- [EXERCISE AIM]:
In your output, repeat each entry exactly and include no pictures.

Segment Open

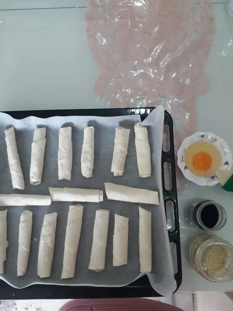 Böreğin üzerine sürebilmek için 1 yumurta. Süsüne susam ve çörek otu.
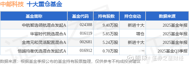 重仓中邮科技的公募基金请见下表:
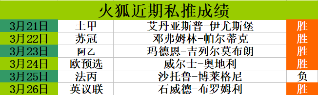 昨天赛事较少,稳妥起见,火狐暂停了一天的临场推送,近6场精选取胜5场,今天精彩继续!
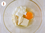 1: | ボウルに(A)を混ぜ合わせ、粉を半量ずつダマにならないように混ぜ合わせる。 | |
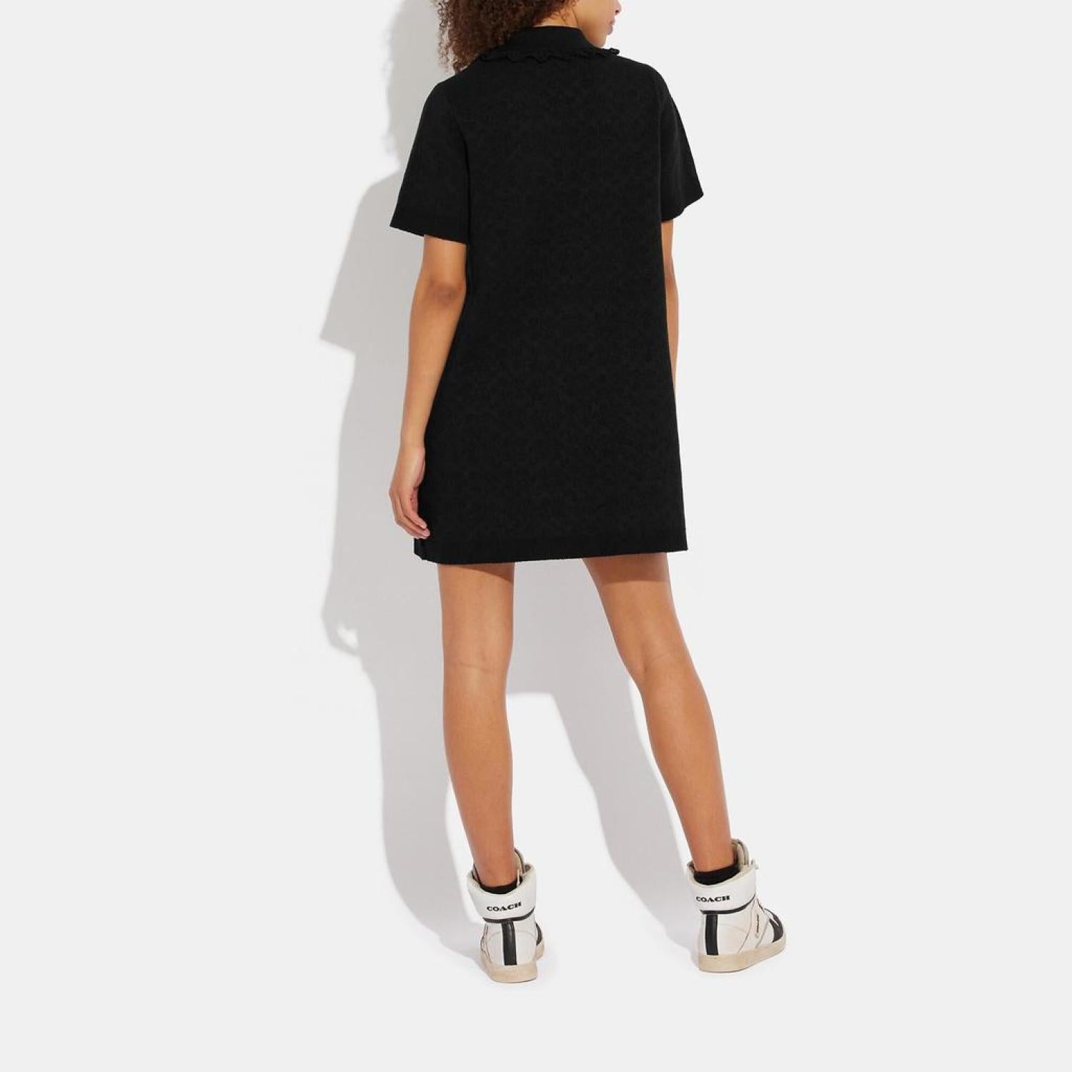 100% cotton Combo - 74% cotton 25% polyester 1% elastane Details - 75% viscose 25% polyester Button closure Slip pockets Length - 32 Machine wash Model is 5'10 (178cm) chest 31 (79cm) waist 24 (61cm) hips 35 (89cm) and wears a size S Style No. CI470 | Coach Outlet Signature Knit Dress - Black, Size - X-Small
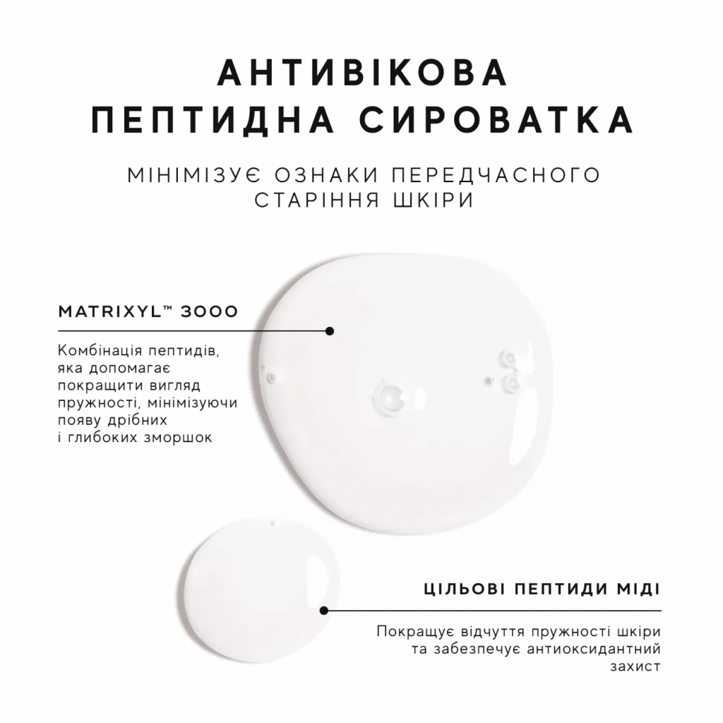 - MATRIXYL™ 3000 —поєднання пептидів, які «обманюють» шкіру і змушують її виробляти більше колагену. Це допомагає зміцнити й ущільнити шкіру, розгладити лінії й зморшки.
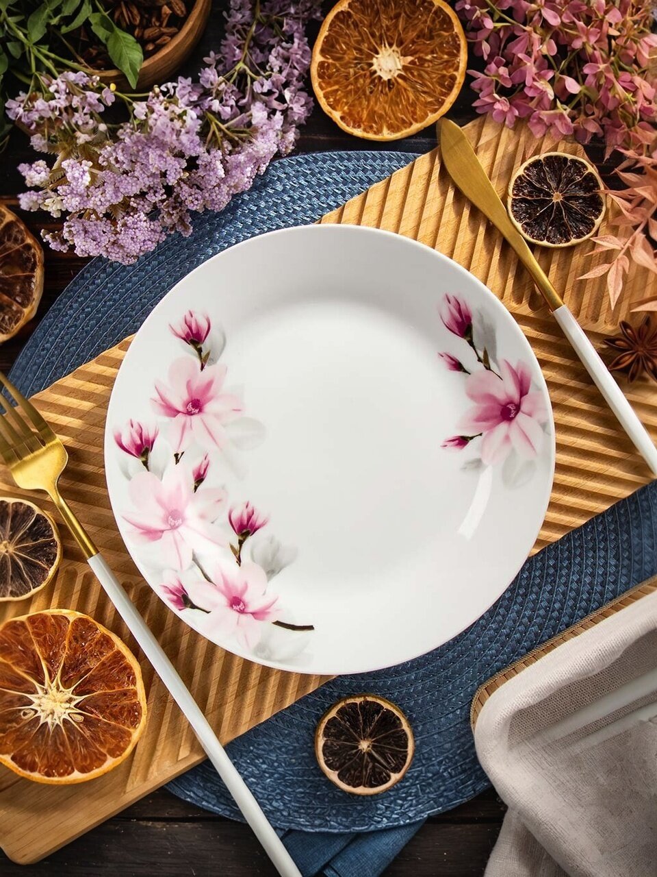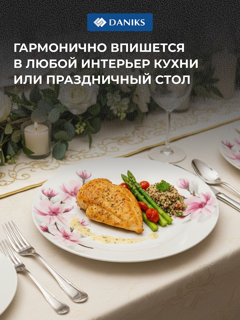 Обеденная тарелка Daniks «Нежность» 20 см — стильный акцент для сервировки: прочная керамика, цветочный дизайн, подходит для СВЧ и посудомоечной машины.

Segment Closed

- [ANSWER AREA]:
 Böreğin üzerine sürebilmek için 1 yumurta. Süsüne susam ve çörek otu.
 重仓中邮科技的公募基金请见下表:
 昨天赛事较少,稳妥起见,火狐暂停了一天的临场推送,近6场精选取胜5场,今天精彩继续!
 1: | ボウルに(A)を混ぜ合わせ、粉を半量ずつダマにならないように混ぜ合わせる。 | |
 100% cotton Combo - 74% cotton 25% polyester 1% elastane Details - 75% viscose 25% polyester Button closure Slip pockets Length - 32 Machine wash Model is 5'10 (178cm) chest 31 (79cm) waist 24 (61cm) hips 35 (89cm) and wears a size S Style No. CI470 | Coach Outlet Signature Knit Dress - Black, Size - X-Small
 - MATRIXYL™ 3000 —поєднання пептидів, які «обманюють» шкіру і змушують її виробляти більше колагену. Це допомагає зміцнити й ущільнити шкіру, розгладити лінії й зморшки.
 Обеденная тарелка Daniks «Нежность» 20 см — стильный акцент для сервировки: прочная керамика, цветочный дизайн, подходит для СВЧ и посудомоечной машины.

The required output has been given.